Avec les gains de ces premiers frets, dont les tarifs étaient bien plus bas que ceux de la concurrence, Kallenberg acheta des navires solides, réservant une partie de ses capitaux à l'acquisition de chalutiers à la retraite dont les capitaines avaient reçu l'ordre de pousser les chaudières jusqu'à l'agonie. A vingt-quatre ans, alors que ses condisciples hésitaient toujours sur le choix d'une profession, Herman était riche. Sa réussite s'annonçait bien…
Au sommet de la hiérarchie dans laquelle il se hissait, se trouvait l'intouchable Mikolofides. Sur sa route, essayait également de lui mettre des bâtons dans les roues un garçon de son âge dont on faisait déjà grand cas, Socrate Satrapoulos. Kallenberg était bien placé pour savoir que le Grec usait, pour s'enrichir, de méthodes similaires, naufrageur de vocation et tout aussi dénué de scrupules. La compétition excitait Herman, qui la prévoyait à couteaux tirés, sans entraves d'aucune sorte, tapissée allègrement de peaux de banane par leurs soins réciproques. Ce qui l'agaçait, c'était l'avance imperceptible que Satrapoulos prenait constamment sur lui, comme s'il avait pu avoir les mêmes idées que les siennes, mais quelques heures plus tôt. Pourtant, S.S. n'avait ni sa séduction ni sa culture. Il était de manières frustes, petit, pas beau, plutôt roux et myope de surcroît. Simplement, il avait une espèce de génie pour détecter la bonne affaire, de préférence en marge de la légalité.
Barbe-Bleue s'en aperçut au moment de la guerre d'Espagne, manne de tous les armateurs, Mikolofides en tête, qui avaient transformé leur flottille de pêche en transport d'armes, leur faisant remonter de nuit les côtes d'Espagne pour livrer, indifféremment, aux franquistes ou aux républicains. Chaque fois que Kallenberg avait vent d'un marché à conclure, il se trouvait que Satrapoulos l'avait déjà enlevé la veille. Heureusement, les commandes ne manquaient pas et les livraisons lui rapportaient d'effarants bénéfices, immédiatement investis dans d'autres achats. Kallenberg jouait également en bourse, avec des méthodes qui faisaient frémir les observateurs, car elles auraient provoqué la ruine de n'importe qui.
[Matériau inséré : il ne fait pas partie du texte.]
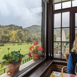 We had an hour of so of dry and misty walking, the some lighter rain until we reached the cafe here. We got under cover and a coffee break just as the downpour started.

Ses rivaux attribuaient à la chance des succès obtenus par des systèmes de placement parfaitement illogiques en apparence. En réalité, ils obéissaient à une rigueur absolue. Barbe-Bleue s'était rendu compte qu'en matière de finances, les mêmes causes n'engendraient pas forcément les mêmes effets. Non à cause des incidences économiques, prévisibles parce que s'étant déjà répétées dans le passé, mais à cause des hommes qui, précisément, les avaient prévues. Si, dans une course de chevaux, trois personnes, et trois seulement, pouvaient connaître le nom du gagnant, elles se partageraient la totalité des mises de tous les autres parieurs. Si, par contre, un million de parieurs sont au courant de ces prévisions, chacun d'eux, bien qu'ayant misé le bon cheval, n'aura droit qu'à une somme dérisoire.
Aussi, Barbe-Bleue se méfiait-il des valeurs « sûres », sachant très bien qu'elles ne le seraient bientôt plus, condamnées à la baisse par le trop grand nombre de leurs supporters. C'est dans cet esprit qu'il avait misé sur l'émir de Baran. L'émirat de Baran, dans le golfe Persique, n'était qu'une langue de terre sans ombre ni eau, torride, peuplée de dix mille fanatiques en haillons, crevant de faim et d'un excès de religion. L'émir, Hadj Thami el-Sadek, qui passait pour un prophète, était un politique intransigeant, prêchant la pureté et la guerre sainte — il n'y avait pas de pétrole chez lui. Quand Kallenberg lui avait livré un bateau d'armes, six mois plus tôt, il avait été étonné d'apprendre que Satrapoulos, avant lui, avait pratiqué la même manœuvre à fonds bloqués, d'ordre purement tactique. Apparemment, son beau-frère n'avait perdu ni son temps ni son argent.